In Traumatisme colonial, Karima Lazali, explore les effets d'une histoire coloniale brutale ainsi que la souffrance continue sous un régime islamique fondamentaliste sur la subjectivité des Algériens contemporains. Lazali illustre les effets catastrophiques de telles occlusions, décrivant la constriction émotionnelle et l'imagination forclose manifestées par ses patients indigènes algériens. Le cœur de la blessure à la subjectivité, note Lazali, est un manque de sentiment d'appartenance qui est enraciné dans une rupture avec les histoires généalogiques. Soumis à une idéologie totalisante, à l'effacement de la langue, au fondamentalisme religieux et à l'autoritarisme politique, les Algériens ont intériorisé l'amnésie et un sens de l'absolu qui étouffe leur capacité de sens.  

L'engagement social agentique appelle un élan vers la mutualité, vers le « devenir-l'un-avec-l'autre » et le « hors-de-soi » (p. 71) qui nous permet d'absorber de nouvelles altérités et d'élargir nos possibilités subjectives. Comme le notent Butler et Athanasiou, ce qui est en cause ici, c'est « la thématique controversée de l'agentivité » : l'appareil de reconnaissance et de normalisation peut-il jamais être désorganisé afin que les individus puissent faire l'expérience d'une « proclamation performative d'un soi qui a été défait et refait » ? Ou, comme ils le suggèrent aussi, peut-on un jour surmonter « la ruse de la reconnaissance » ? Il s'agit bien sûr d'une question pédagogique, immortalisée, comme le notent Butler et Athanasiou, dans le plaidoyer de Fanon : « Ô mon corps, fais de moi toujours un homme qui interroge ». Pouvons-nous alors imaginer des systèmes pédagogiques ou un milieu thérapeutique qui permettraient aux enfants de commencer à se rendre compte d'eux-mêmes (cf. Butler), de manière à leur permettre de commencer à déconstruire les systèmes de reconnaissabilité ancrés dans la relation familiale, matrices culturelles et politiques dans lesquelles ils s'insèrent, voire à partir desquels ils se constituent ? Le potentiel de faire passer les enfants de la simple existence ou asservissement à la relationnalité éthique et à la possibilité agentique suggère que nous devrions poursuivre cette question avec une certaine urgence.
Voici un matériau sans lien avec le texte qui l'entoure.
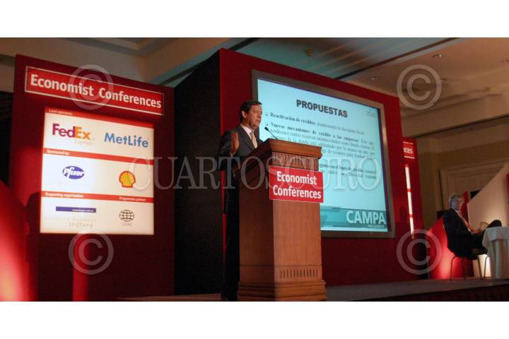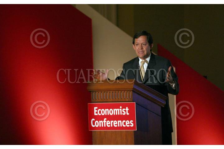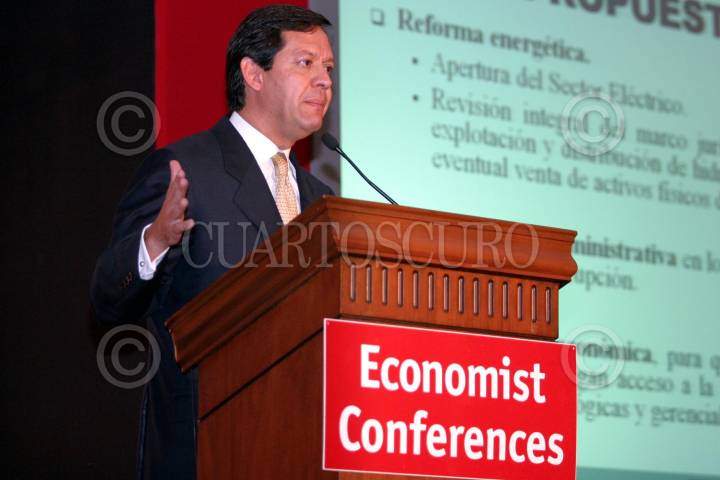 MEXICO, D.F., 29JUNIO2005.- Fernando Elizondo, Secretario de Energía, durante la ponencia Los Retos del Sector de Energía, en el marco The Economist Conferences, realizado en un hotel de Av. Reforma. FOTO: Moisés Pablo/CUARTOSCURO.COM

 Adapté de mon chapitre « Agent de négociation dans la formation de la subjectivité : L'enfant, l'Autre parental et l'Autre souverain ». Dans O'Loughlin, M., Owens, C. & Rothschild, L. (Eds). (2023). Précarités du 21st enfances du siècle : Explorations critiques de temps(s), de lieu(s) et d'identités. Livres de Lexington. Chapitre complet disponible sur demande auprès de l'auteur : [email protected].